Простой ответ на этот вопрос таков: почему кто-либо должен быть обязан говорить, как он знает то, чего он не знает? Вы предполагаете, что законы — это действующие лица, эффективные причины того, что происходит, и что один закон может вмешиваться в другой. Для нас это предположение столь же бессмысленно, как если бы вы говорили о том, что теорема Евклида является причиной диаграммы, которая ее иллюстрирует, или что интегральное исчисление вмешивается в правило тройки. Ваш вопрос на самом деле подразумевает, что мы претендуем на полное знание не только всех прошлых и настоящих явлений, но и всех возможных в будущем, а мы оставляем все это адептам эзотерического буддизма. Наши претензии бесконечно скромнее. Нам удалось выяснить правила действия маленькой части Вселенной; мы называем эти правила «законами природы» не потому, что кто-то знает, связывают ли они природу или нет, а потому, что мы считаем обязательным для себя принимать их во внимание, как действуя в рамках природы, так и интерпретируя ее. У нас есть сколько угодно подлинных чудес, и если вы предоставите нам столь же хорошие доказательства ваших чудес, как у нас — наших, мы будем весьма рады принять их и изменить наше выражение законов природы в соответствии с новыми фактами.
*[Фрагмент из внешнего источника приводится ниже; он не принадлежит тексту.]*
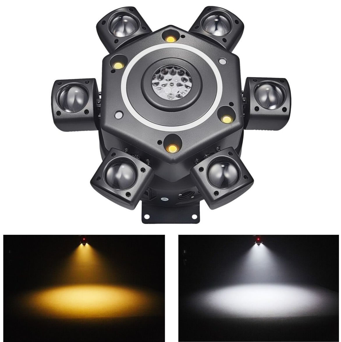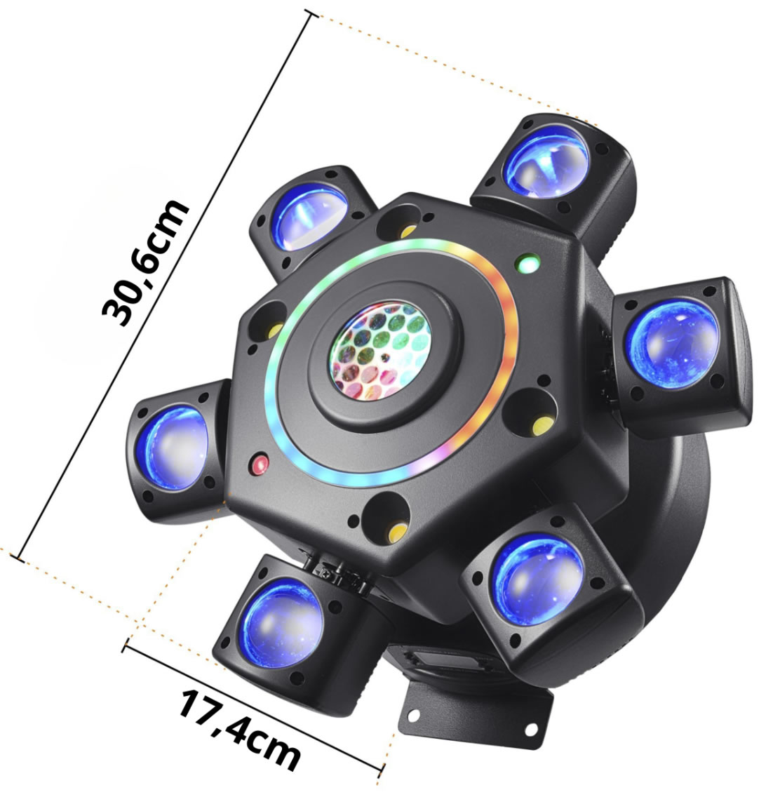 * kaleido/gobo efekt : 6x3W RGBW LED 4 v 1 (3x3W kaleido, 3x3W gobo), nastaviteľná rýchlosť otáčania, 4 gobo vzory

Что касается приведенных конкретных случаев, мы настолько беспристрастны, что готовы помочь вашему делу, насколько можем. Вы глубоко заблуждаетесь, полагая, что любой, кто знаком с возможностями физической науки, возьмется категорически отрицать, что вода может быть превращена в вино. Многие весьма компетентные судьи уже склонны думать, что тела, которые мы до сих пор называли элементарными, на самом деле являются сложными комбинациями частиц однородной первичной материи. Если предположить, что этот взгляд верен, то не будет никакой теоретической трудности в превращении воды в спирт, эфирные и красящие вещества, точно так же, как в настоящий момент нет никакой практической трудности в совершении других подобных чудес; например, когда мы превращаем сахар в спирт, угольную кислоту, глицерин и янтарную кислоту; или превращаем газовые отходы в духи, более редкие, чем мускус, и красители, более богатые, чем тирский пурпур. Если так называемые «элементы», кислород и водород, составляющие воду, являются агрегатами тех же самых конечных частиц, или физических единиц, что и те, которые входят в структуру так называемого элемента «углерод», то очевидно, что спирт и другие вещества, состоящие из углерода, водорода и кислорода, могут быть получены путем перегруппировки некоторых единиц кислорода и водорода в «элемент» углерод и их синтеза с остальным кислородом и водородом.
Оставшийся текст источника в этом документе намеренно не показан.